Status: hiatus

You Promised Me the World

Cutting The Ties That Bind

The piece of lined paper stared up at Emma Thomas from her desk, taunting her to write everything she had felt for the past few months down on to it. Begging her to fill both sides with words that held enough venom, one bite would take down even the strongest man. But she knew that wasn’t her, she could never muster up enough courage to lash out at him. He had done the unthinkable, and all she could do was feel sorry.

So after an hour of looking at the blue lined paper, that was what she wrote. “I’m sorry”, two simple words that were anything but simple.

Emma was sorry though, sorry he was incapable of being a man, sorry she had ever met him, sorry he wasn’t what she thought, but most of all she was sorry she had to do this. Emma was sorry that this was what their relationship had been reduced to.

Folding the note up she tossed it in the bottom of a box she still had lying around, it was the last thing she wanted him to see. Next would come the only thing Kennedy had genuinely surprised her with, the blue velvet box which was still in the most pristine condition. She had feared even getting the slightest bit of dirt on it, ruining its soft texture with the tiniest scratch, making the happiest memory in her life dirty like all of the rest.

Prying the smooth object open with a familiar creak, the ach of a tight joint that sent shivers down her spine, Emma gazed at the silver ring with a fine cut diamond perched directly in the center. It wasn’t a huge and gaudy diamond, it was simple and small, something she had assumed he could afford. She had fallen in love with it the moment she set her eyes on it. The small piece of jewelry had come with so much attached to it then, and even more now.

Lifting the ring from its confines of the soft material, she placed it on her left hand. It still fit perfectly, but now it looked out of place much like the rest of the things awaiting their new home inside of a cardboard box.

Once everything had been packed neatly inside of the white box, Emma carried it out into the kitchen and lay it down on the scruffy looking table. Retrieving the clear packing tape from one of the drawers, she tapped the flaps shut and sighed. These were the last of his things; now all physical memory of Kennedy Brock had been erased.

As Emma glanced around her apartment now, she wasn’t reminded that he was supposed to move in with her. She wasn’t reminded that they had come to see it together, planned out every room, paid first and last months rent, painted it and picked out furniture. She no longer remembered moving in alone, wondering how she would afford any of this on her own. For the first time in months, Emma felt like she was able to move on guilt free. She was living her life now, not their life.

Placing the box on the passenger seat of her car, Emma made the familiar drive towards the Brock household. A home that she had spent many nights in, people she had called her second family, where she had fallen in love and gotten her heartbroken. She walked up the driveway, knocked on the door and smiled sympathetically at the women who answered.

“Hello Mrs. Brock,” Emma greeted quietly.

The formal tone sent a shock through both women; the younger girl had not been this formal since they had met for the first time. Even that formal tone had quickly been replaced by first names and the loving words a second mother would give her daughter.

“Emma, it’s nice to see you dear,” his mother replied noticing the heaving white box in her son’s former girlfriend’s arms. “Let me take that from you.”
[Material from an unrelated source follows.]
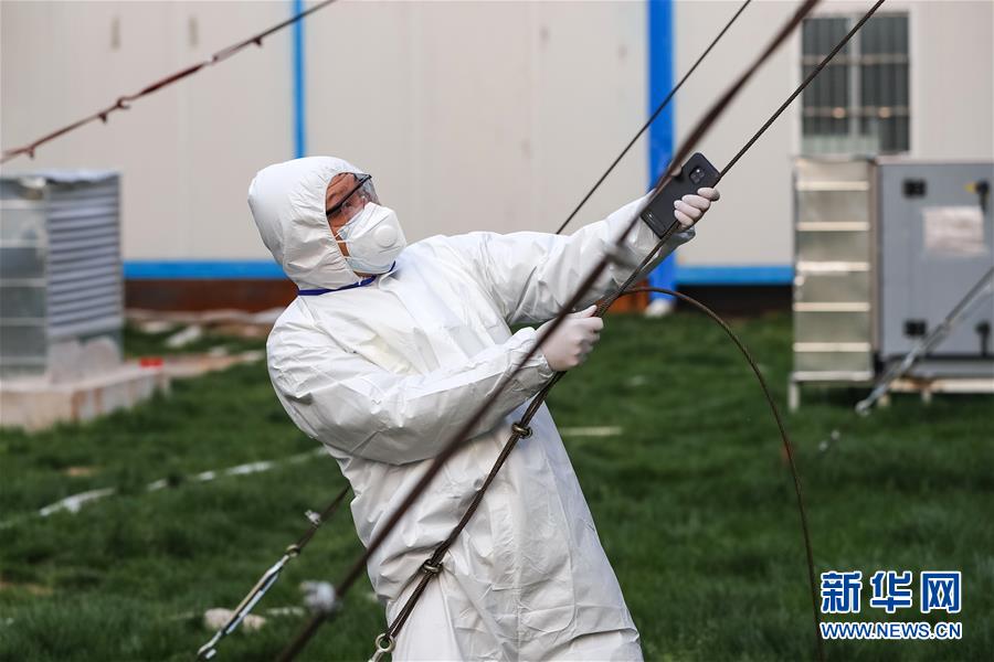 3月31日,中建三局項(xiàng)目經(jīng)理尹典在武漢火神山醫(yī)院檢查連接重癥病房的排風(fēng)管的穩(wěn)固性。 新華社記者 沈伯韓 攝 |

“No, thank you Mrs. Brock, I would really like to bring it in myself if it’s okay with you,” Emma said shyly, feeling awful that they had to have this exchange.

The older women’s face contorted with confusion for a moment, before realizing what the box in Emma’s arms really was. This was it, she was coming to do the cliché thing of “dropping off Kennedy’s things”, a moment his mother hoped she would never have to see.

“Oh, of course come on in,” she nodded, opening the door further. “You know what room it is, just go on up.”

“Thank you so much, I won’t be long,” Emma nodded in return.

Carefully moving through the doorway and removing her shoes, Emma began the walk she had been dreading since her relationship with Kennedy had ended.

Every room held moments in time, prom pictures, late night movies, pool side days, family functions. She tried her best not to falter, fumble over her feet that wanted nothing more than to run away. But she kept pushing forward until those feet hit the stairs, took her down the hall and stopped her at his bedroom door.

She turned the knob with ease, like she had so many times before and stepped in to shut herself inside. Glancing around she smiled slightly, better times had been had between these walls. Memories were hidden behind glass or sprawled on a cork board, push pins of every color securing them there. She took comfort in those good times, wanted to shrink behind the glass and relive them.

Just when she was almost too lost inside the memories, the heavy box tugged her back to reality. Taking a deep breath she placed it down on the floor, picking a spot where it would be the first thing he would see without tripping over it.

And just like that Emma had released all ties she had to Kennedy, ties she thought that she would never be able to cut. Now that they were gone, she could go on living her life.